Loop 2: Runtime Discovery

When the OpenFlow runtime upgrades, the discovery script re-runs against all documented processors. Diff reports identify property additions, removals, and default changes. Documentation is updated before engineers encounter the changes in production.

Loop 3: Completed Migrations

SP_EXTRACT_SKILL_PATTERNS is a Snowflake stored procedure in design that runs weekly against migration audit tables. It identifies patterns that succeeded consistently across multiple migrations, flags patterns that repeatedly required manual intervention, and generates a SKILL_IMPROVEMENT_SUGGESTIONS table for engineer review.

The flywheel: more migrations → more audit data → better pattern extraction → more accurate skill → faster migrations.

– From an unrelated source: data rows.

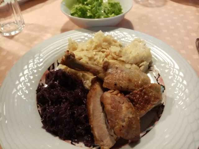 Ajmohtc na kislo, mlinci, rdeče zelje, pečena račka, piščanec in sv. rebra; zelena solata; jabolčni zavitek; vino, sok, coca-cola, kavica
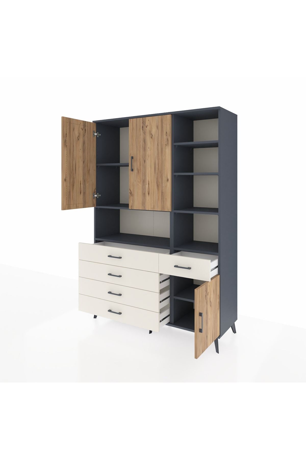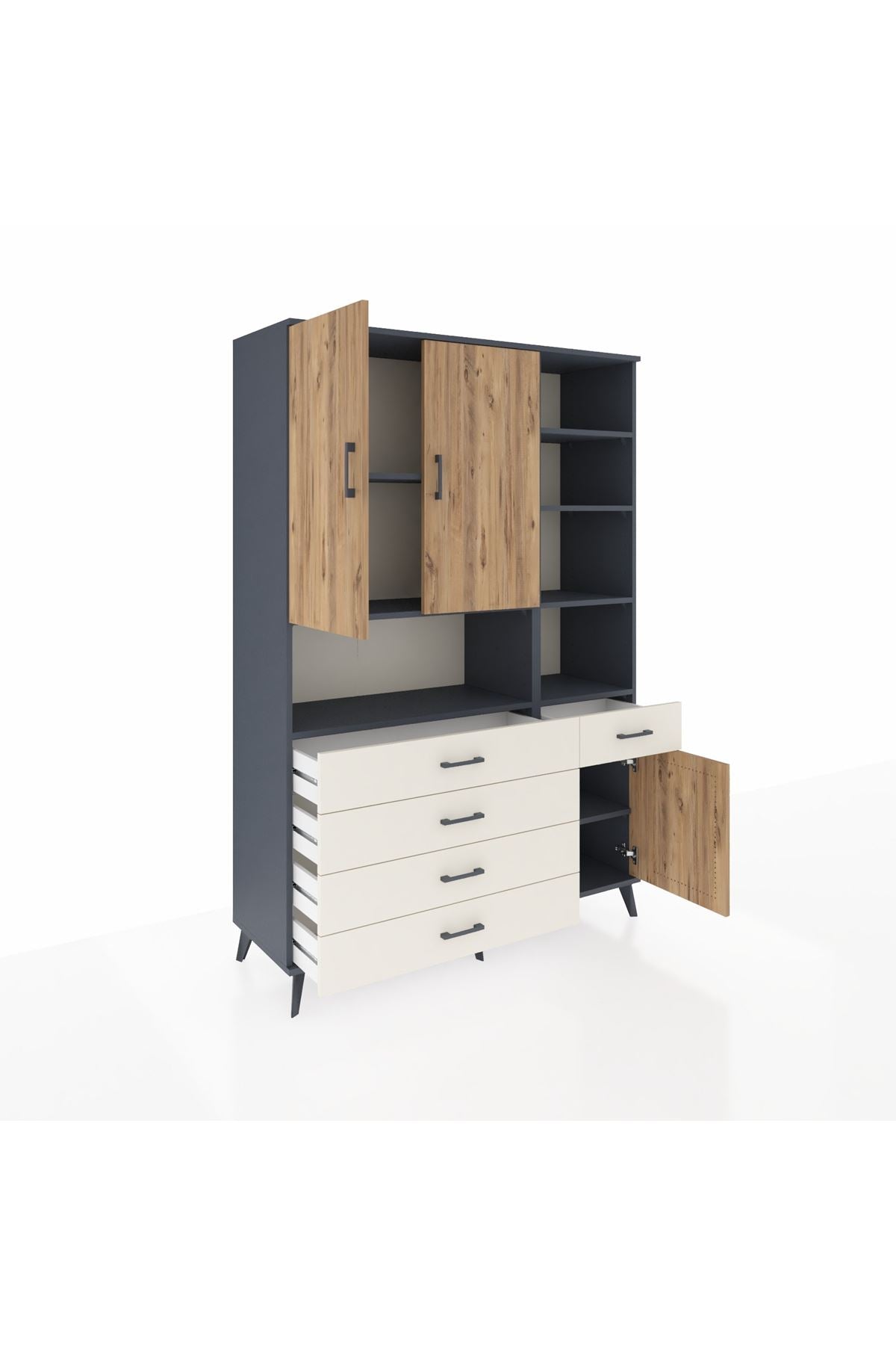 Hyperion Dolap 8 Raflı 5 Çekmeceli 3 Kapaklı 132x44x195 Antrasit-Çam/Aytaşı
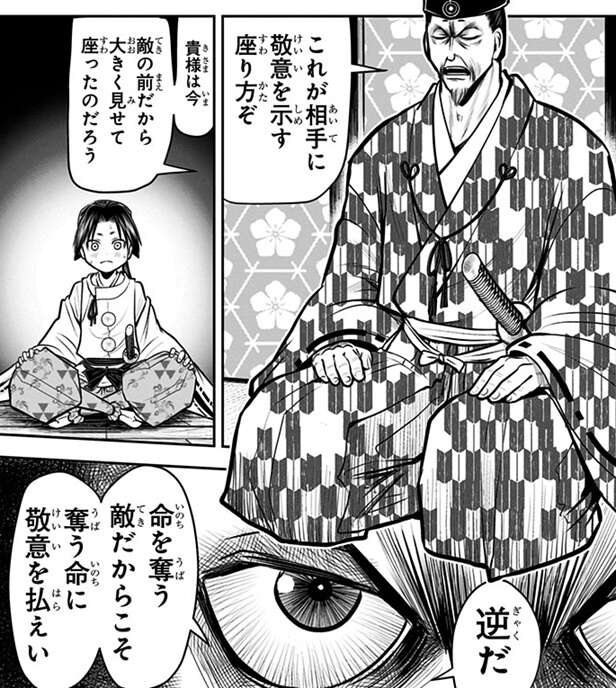 小笠原貞宗に北条一族か重臣の子と怪しまれた時行は、守護館に呼び出されてしまいます。時行は亜也子を連れて守護館へ行き、小笠原貞宗と密室で一対一で対峙します。時行は舐められるわけにはいかない、と自分を大きく見せようとして胡坐をかきますが、小笠原貞宗からは座を正して相手に敬意を示すようにたしなめられます。
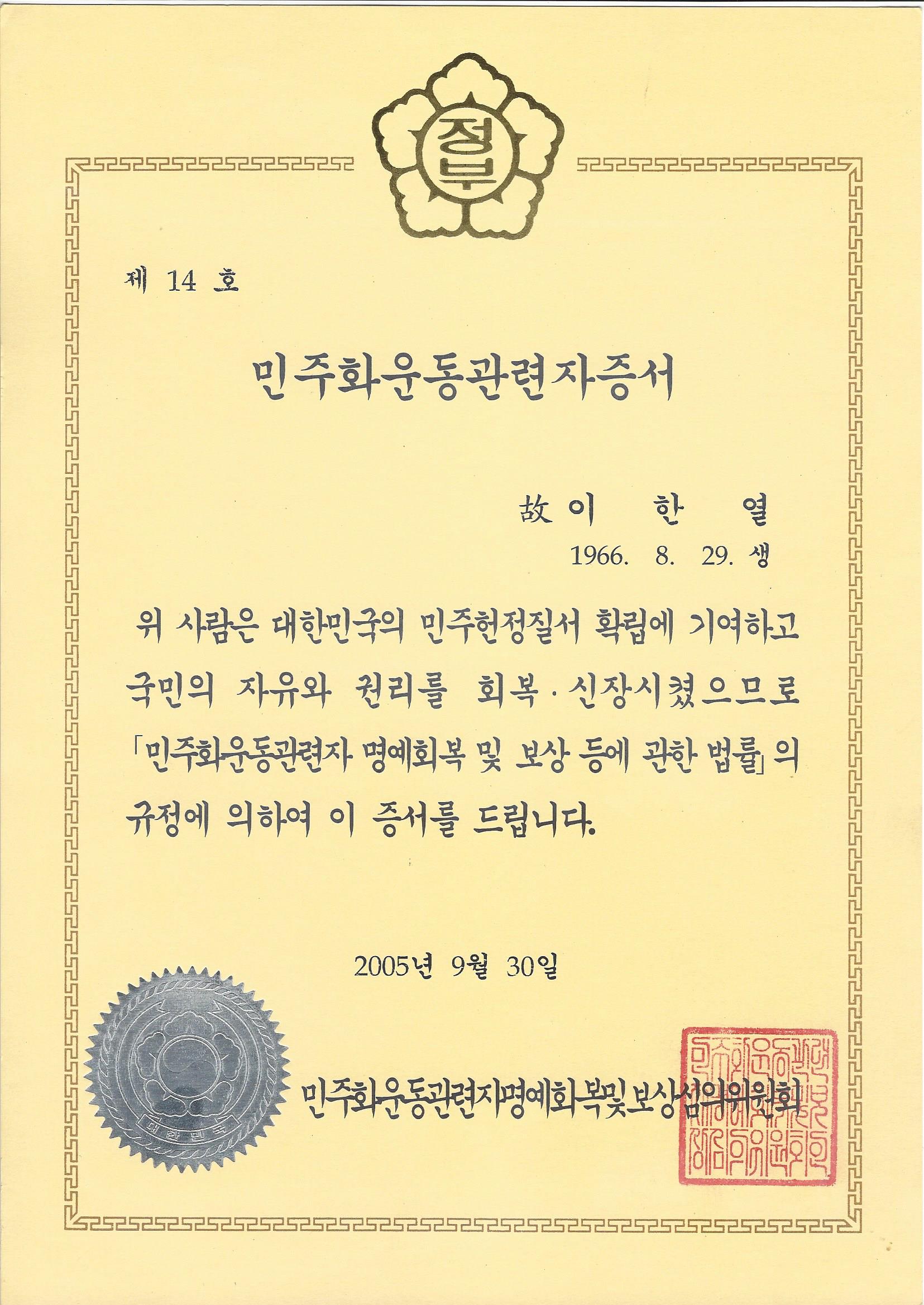 이한열은 현재 민주화운동관련자일뿐입니다. 이것도 김대중 정부가 들어선 후 전국민족민주유가족협의회*가 (이하 유가협) 422일간 국회 앞에서 천막농성을 해서 겨우 얻어낸 것입니다.** 그때 유가협 어른들은 대통령이 바뀐다고 저절로 되는 것은 없다, 요구해야만 작은 것이라도 얻을 수 있다는 것을 배웠다고 하십니다. 2000년 1월 공포된 민주화운동명예회복법에 의해 이한열은 2005년 ‘민주화운동관련자증서’를 받았습니다.
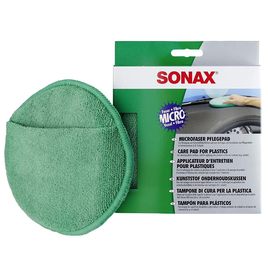 The Sonax Care Pad For Plastics is a high-quality microfiber applicator designed for applying care products and cleaning various plastic surfaces within a vehicle's interior. Its fine fiber structure ensures an even, smooth application of creams or gels without leaving streaks or excess residue. The ergonomic design makes it easy to handle, providing a professional finish on dashboards, trim, and consoles.
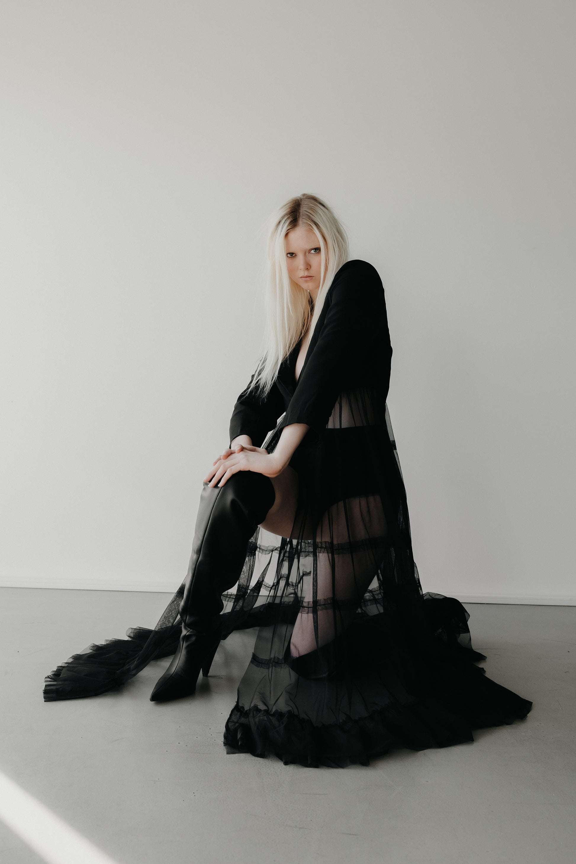 A study in contrast sharp tailoring meets ethereal movement. The structured cropped blazer delivers a sleek, modern edge, while the flowing long mesh skirt brings sheer drama and timeless elegance. Together, they create a look that’s classic yet daring, perfect for making an entrance.
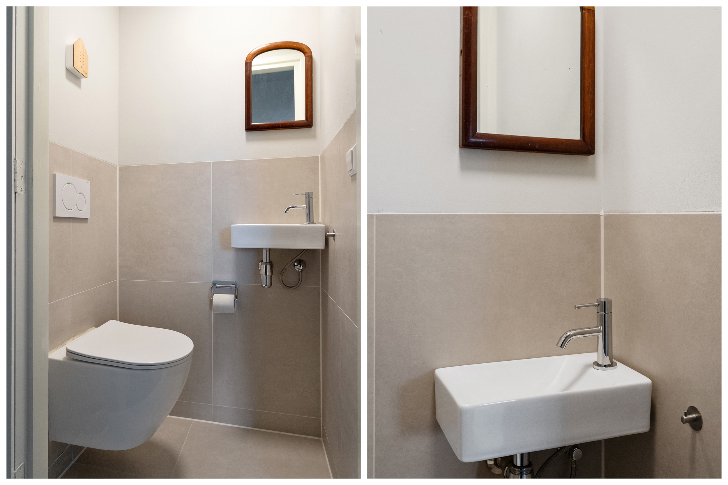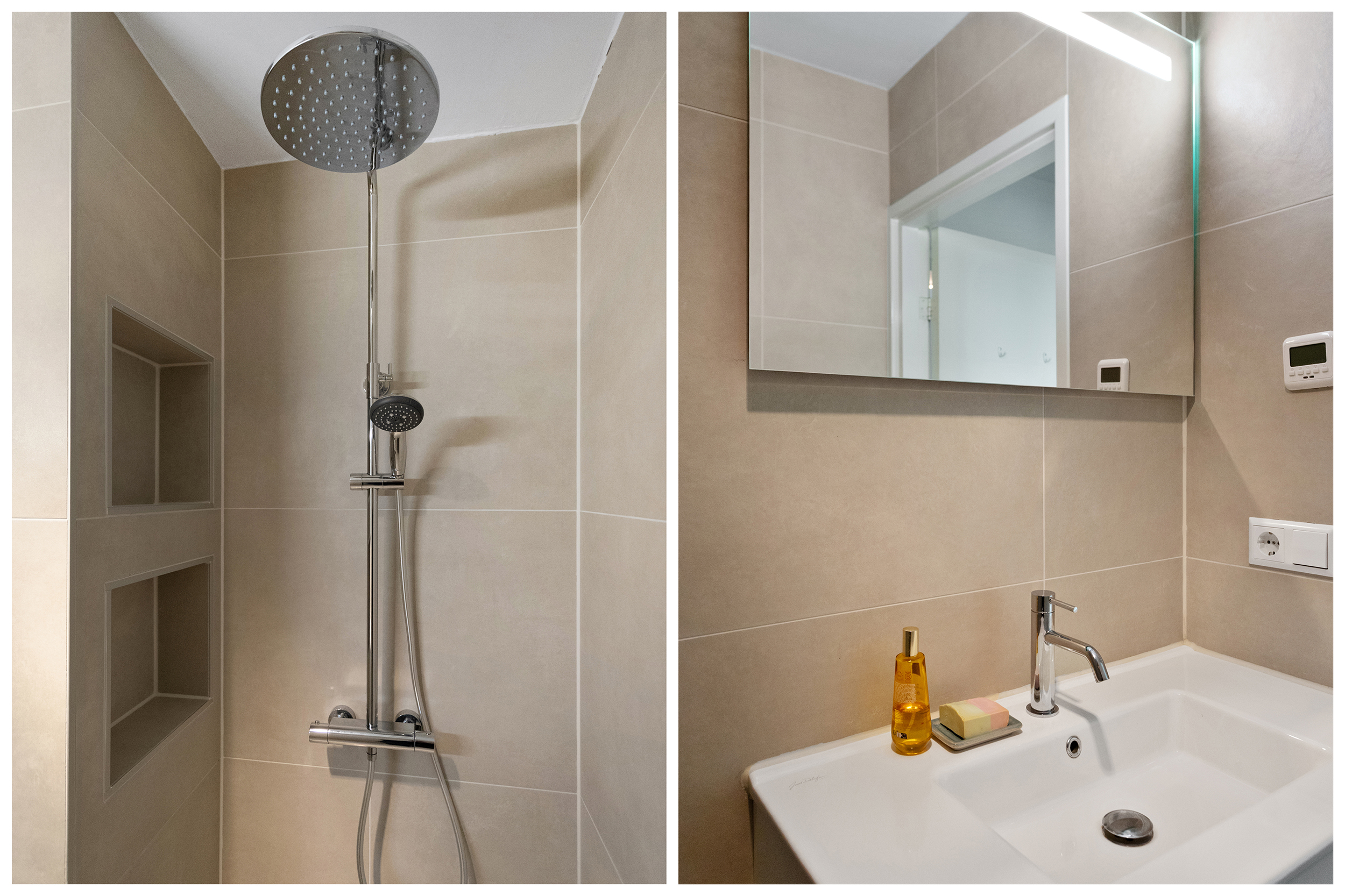 De badkamer is eveneens in 2023 vernieuwd en uitgerust met een moderne inloop (regen)douche en wastafel. Het toilet is separaat van de badkamer.
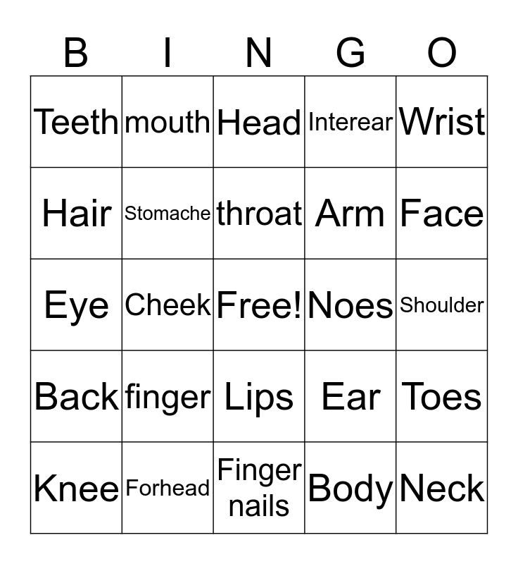 This bingo card has a free space and 24 words: finger, Forhead, throat, Knee, Wrist, Teeth, Hair, mouth, Noes, Lips, Arm, Eye, Ear, Toes, Stomache, Body, Shoulder, Head, Face, Cheek, Neck, Back, Interear and Finger nails.
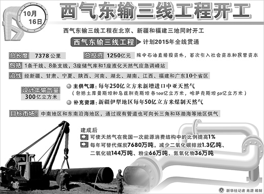 10月16日,西氣東輸三線工程西段(新疆霍爾果斯—寧夏中衛)和東段(江西吉安—福建福州)已經分別開焊、開鉆,預計分別于2013年粘合,2014年建成投產。
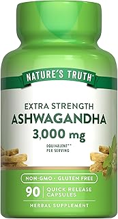 Ashwagandha Capsules | 3000mg | Extra Strength | 90 Count | Non-GMO & Gluten Free | Ashwagandha Root Supplement with Black Pepper | by Nature’s Truth

The skill becomes more reliable with every deployment it helps with.

Conclusion

The most important lesson from building this skill is methodological, not technical. A skill built from memory and assumptions fails quietly. A skill built from three-source verification, with an explicit process for capturing gaps from production use, is one that engineers can trust.

The adf-migration skill today covers 20+ activity types, six verified reference files, a discovery utility that keeps documentation accurate across runtime upgrades, and a gap log that grows with every engagement. More importantly, it has a methodology for getting better. That architecture — a skill that learns from real usage rather than assumptions — is the one worth building.